Fahr-i Kainat Efendimiz s.a.v. şöyle buyurmuştur:
"İlim öğrenmek kadın erkek her müslümana farzdır. | (İbn Mâce, Suyûti)
Acaba öğrenilmesi farz ve gerekli olan ilim, yani bilgi hangisidir?
İslâm alimleri, her müslümanın her şeyden önce gerekli akait bilgisini, yani iman esaslarını öğrenmesi gerektiğini söylemişlerdir. Bunlar kısaca şöyledir:
Allah Tealâ mukaddes zatı ile vardır. Diğer her şey ise O'nun var etmesi ile vardır. Allah Tealâ zâtında, sıfatlarında ve işlerinde tektir. Hiçbir şeyin ne var olmakta ne de başka bir hususta aslen O'nunla hiçbir surette ortaklığı yoktur. Allah Tealâ'nın sıfatları ve fiilleri, zâtı gibi benzerlikten ve kavranmaktan uzak olup, yaradılmış varlıkların sıfat ve fiilleri ile arasında bir benzerlik kesinlikle söz konusu değildir.
Bir müminin ilk bilmesi ve inanması gereken husus Rabbiyle ilgili bu hakikatlerdir. Bununla birlikte Hz. Muhammed Mustafa s.a.v.'in O'nun kulu ve elçisi olduğunu, O'nun Allah Tealâ'dan getirdiklerinde ve ahiret alemine ait kendi diliyle ifade ettiği hususlarda doğru sözlü olduğunu bilip inanmaktır.

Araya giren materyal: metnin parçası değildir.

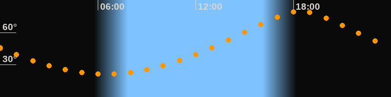 | Höchster Stand (Kulmination) | 18:26 Uhr (h = 79,9°) |
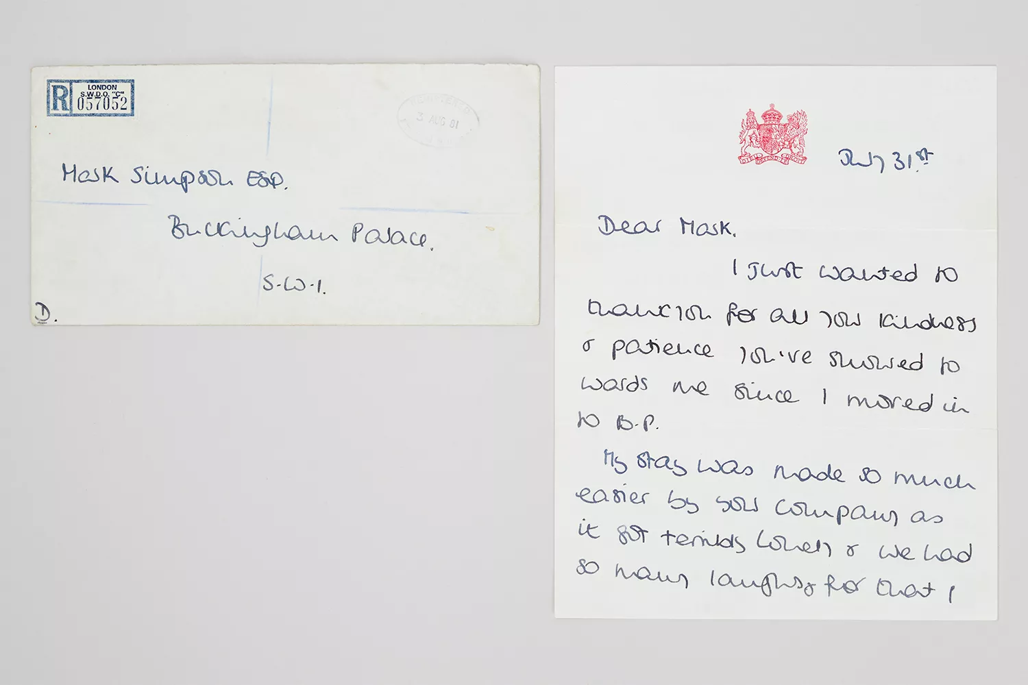 Известно, что письмо было адресовано лакею Марку Симпсону, с которым принцесса была особенно близка. По словам соучредителя Julien's Auctions Мартина Нолана, именно Марку Диана доверяла свои чувства, ведь они были почти одного возраста, и это создавало атмосферу доверия. В письме Диана благодарит лакея за поддержку и описывает, насколько тяжело ей было в первые дни после брака.

"Kelime-i Şehadet" dediğimiz iman cümlesinin bu açlımını böylece bilmek, anlamak ve ikrar etmek gerekir.
İman esasları, geleneğimizde "Amentü" olarak öğretilen altı husustan ibarettir ve nelere ne şekilde inandığımızı belirler. O halde bunları öğrenmek, anlamak ilk vazifelerimiz arasında yer alır.
Akaid ilminin delilleri doğrudan Kur'an-ı Kerim'de ve Sünnet-i Seniyye'de bulunur. Alimlerimiz bunları kitaplarda gerek özet olarak gerekse bütün ayrıntılarıyla anlatmıştır. Biz bu hususlarda iki büyük akaid imamı olan İmam Maturidî rh.a. veya İmam Eş'arî rh.a'e bağlı bulunuyoruz. Bu bağlılık bizi zamana ve kişiye göre değişen anlatımlarla savrulmaktan muhafaza ediyor. Bu bakımdan itkadî mezhebe bağlılık son derece önemlidir.

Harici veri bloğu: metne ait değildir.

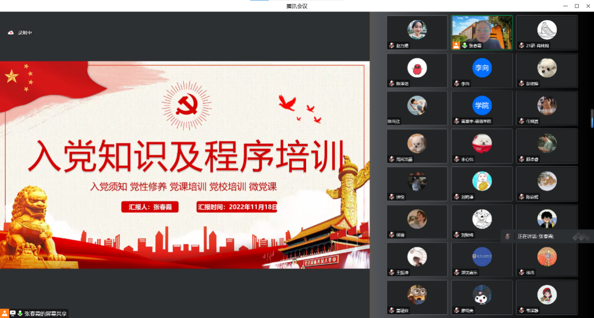 为规范发展党员工作,加强入党积极分子培养教育,提高发展党员质量,11月19日下午四点,ky开元集团官网党总支组织委员、辅导员张春霞在腾讯会议为ky开元集团官网三个学生党支部支部委员、党小组组长、发展对象、入党积极分子130余人进行入党知识及程序培训。

Öğrenilmesi farz olan bilgiler hususunda, iman esaslarından sonra uygulamaya yönelik temel bilgiler gelir. Buna kısaca ilm-i hal (halin, durumun bilgisi) diyoruz. Kısaca ilmihal bilgisi, kişinin dinî vazife ve sorumluluklarını bilmekten ibarettir. Yani farzlar, vacipler ile haram, mekruh ve mübah şeylerin neler olduğu...

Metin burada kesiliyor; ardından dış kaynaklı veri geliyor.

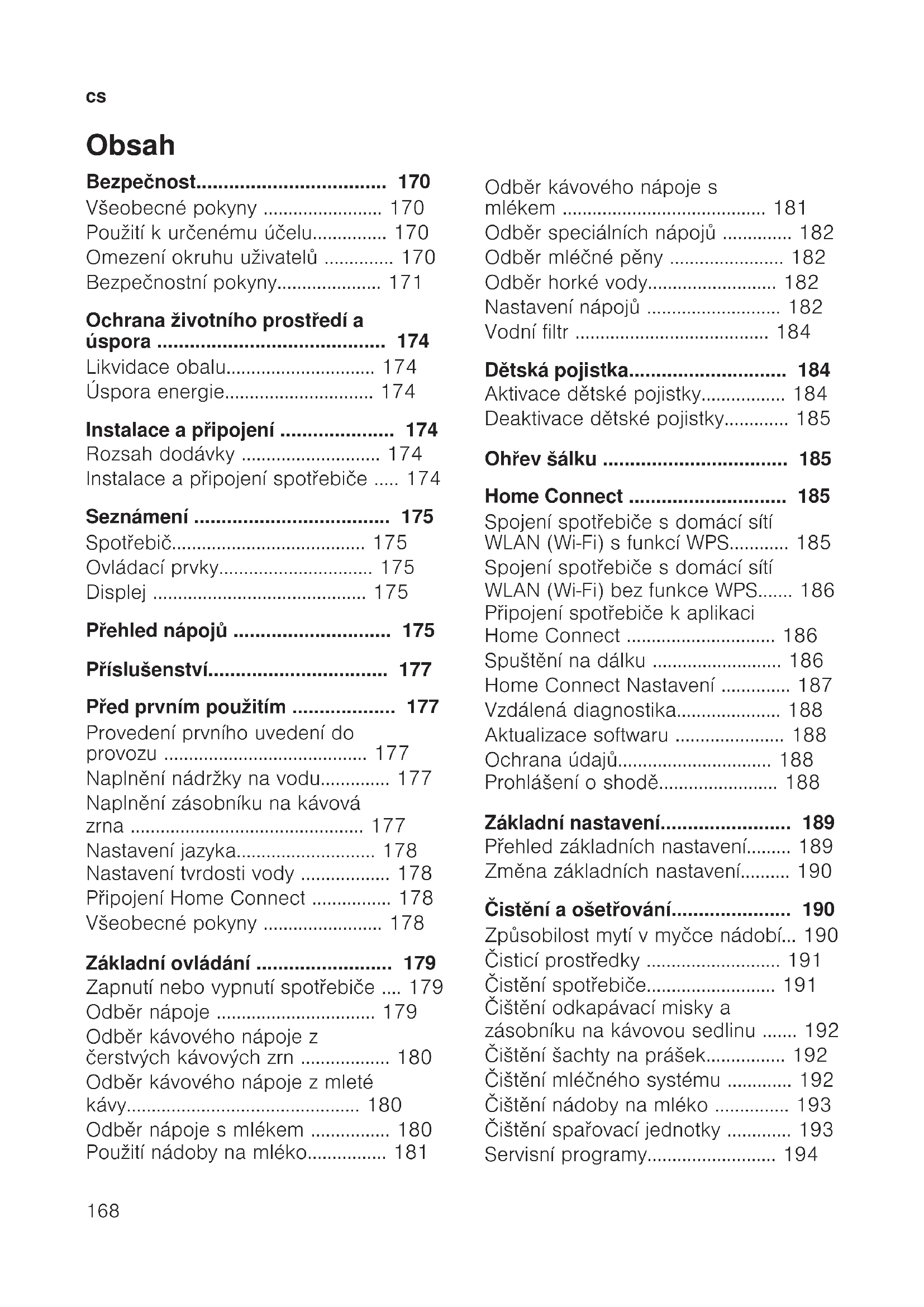 - Obsah Bezpečnost p. 170

Şöyle bir örnek verebiliriz: Yeni müslüman olmuş bir kişi ilk namaz vakti girdiğinde taharet ve namazla ilgili şartları ve rükûnları bilmekle sorumludur. Sonra, yemek yiyeceği zaman neleri yemenin haram ve helal olduğunu, çarşıya çıkacağı zaman alışverişte helal haram ölçülerini bilmelidir. Aynı şekilde ticaretle uğraşmayan birine bu konuyla ilgili hükümleri, bekâr
birine evlilikte helal ve haramları bilmek zorunlu değirdir.
Akaid ve ilmihalden sonra üçüncü husus, kişinin iç dünyasıyla alakalı bazı hususlardır. Bunlar arasında gizli şirk, ihlâs, riya, sabır, tevekkül, şükür gibi konular yer alır.
Bu hususlar tasavvufun konuları arasında yer alır ve alimlerimiz tarafından "batını fıkıh" diye adIandırı11r.Takdir edilir ki hakiki manada kulluk için sadece görünür ameller yetmez, iç dünyamızın, nefsimizin de buna eşlik etmesi gerekir. Esasen görünür kulluğu güzel ve devamlı kılan, tezkiye ve terbiye olmuş bir iç dünyadır. O halde lazım olan batınî fıkıh mevzularının bilinmesi de zorunludur.